# What is MLRun and Why It Matters

MLRun is an open-source MLOps orchestration framework that integrates feature stores, model training, deployment, and monitoring into a single, composable environment. It’s Kubernetes-native and designed for real-time and batch ML pipelines with traceability and governance baked in.

> MLRun is for what we call AutoMLOps, where the entire operationalization process is automated. MLRun uses serverless function technology: write the code once, using your preferred development environment and simple “local” semantics, and then run it as-is on different platforms and at scale. MLRun automates the build process, execution, data movement, scaling, versioning, parameterization, output tracking, CI/CD integration, deployment to production, monitoring, and more. MLRun provides an open pluggable architecture, so you have the option to use MLFlow (or any other tool) for the development side, and then use MLRun to automate the production distributed training environment without adding glue logic.  
> [source](https://www.iguazio.com/blog/kubeflow-vs-mlflow-vs-mlrun/)

In [1]:
import mlrun

> 2025-08-07 14:42:52,103 [info] Server and client versions are not the same but compatible: {"parsed_client_version":"Version(major=1, minor=7, patch=2, prerelease=None, build=None)","parsed_server_version":"Version(major=1, minor=9, patch=1, prerelease=None, build=None)"}


In [None]:
# Show the API server URL
mlrun.get_run_db()

In [None]:
# Set the base project name
project_name = "mlrun-demo"

# Initialize the MLRun project object
project = mlrun.get_or_create_project(
    name=project_name, 
    context="./",
    user_project=True)

# Display the current project name
project_name = project.metadata.name
print(f'Full project name: {project_name}')

## 1. FeatureSet Ingest

- https://docs.mlrun.org/en/latest/feature-store/feature-sets.html
- https://www.iguazio.com/blog/the-complete-guide-to-using-the-iguazio-feature-store-with-azure-ml-part-2/

In [None]:
import pandas as pd
import mlrun.feature_store as fstore
from mlrun.feature_store import FeatureSet
from mlrun.datastore import ParquetTarget

In [None]:
# read the source data from the CSV file
df_source = pd.read_csv("data/iris.csv")

# create a str primary key for the feature set
df_source.reset_index(drop=False, inplace=True)
df_source.rename(columns={"index": "id"}, inplace=True)
df_source["id"] = df_source["id"].astype(str)


df_source.head()

In [None]:
# create the feature set
fs_iris = FeatureSet(name="iris_features",
                     entities=["id"])

# # Add a local Parquet target
# fs_iris.set_targets([ParquetTarget(path=project.artifact_path)], with_defaults=False)

# ingest the source data
fs_iris.ingest(df_source)
# df_iris = fstore.ingest(featureset=fs_iris,
#                         source=df_source)

# create the dataset
fv_iris = fstore.FeatureVector(name="iris_vector",
                                   features=["iris_features.*"], 
                                   label_feature="iris_features.label",
                                   with_indexes=True)
fv_iris.save()

In [None]:
# # Delete a feature set by name and project
# fstore.delete_feature_set(name="iris_features",
#                           project=project_name,
#                           force=True)


In [None]:
## Retrieve the feature set
print(f"Retrieving the feature set from:\n{fv_iris.uri}")
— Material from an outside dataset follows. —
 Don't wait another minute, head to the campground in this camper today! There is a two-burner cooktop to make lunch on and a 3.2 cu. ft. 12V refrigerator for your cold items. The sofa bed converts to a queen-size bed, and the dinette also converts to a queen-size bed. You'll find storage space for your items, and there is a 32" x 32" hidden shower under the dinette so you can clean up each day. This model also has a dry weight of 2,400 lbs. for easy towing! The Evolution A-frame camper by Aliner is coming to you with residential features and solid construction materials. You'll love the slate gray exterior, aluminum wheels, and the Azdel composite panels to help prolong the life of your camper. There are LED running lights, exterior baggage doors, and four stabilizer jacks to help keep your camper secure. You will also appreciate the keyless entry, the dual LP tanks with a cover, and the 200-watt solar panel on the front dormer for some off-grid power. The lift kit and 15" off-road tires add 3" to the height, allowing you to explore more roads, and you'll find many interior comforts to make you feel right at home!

offline_features = fstore.get_feature_vector(fv_iris.uri).get_offline_features()
offline_features.to_dataframe().head()

## 2. Register and Run Training

- https://www.iguazio.com/blog/the-complete-guide-to-using-the-iguazio-feature-store-with-azure-ml-part-3/

In [None]:
# create the function for training the model
fn_train = project.set_function(
    func="01_train.py",
    name="train",
    kind="job",
    image="mlrun/mlrun")

In [None]:
# run the training function
run = fn_train.run(
    inputs={"dataset": fv_iris.uri},
    handler="train_model",
    artifact_path=project.artifact_path,
    local=True)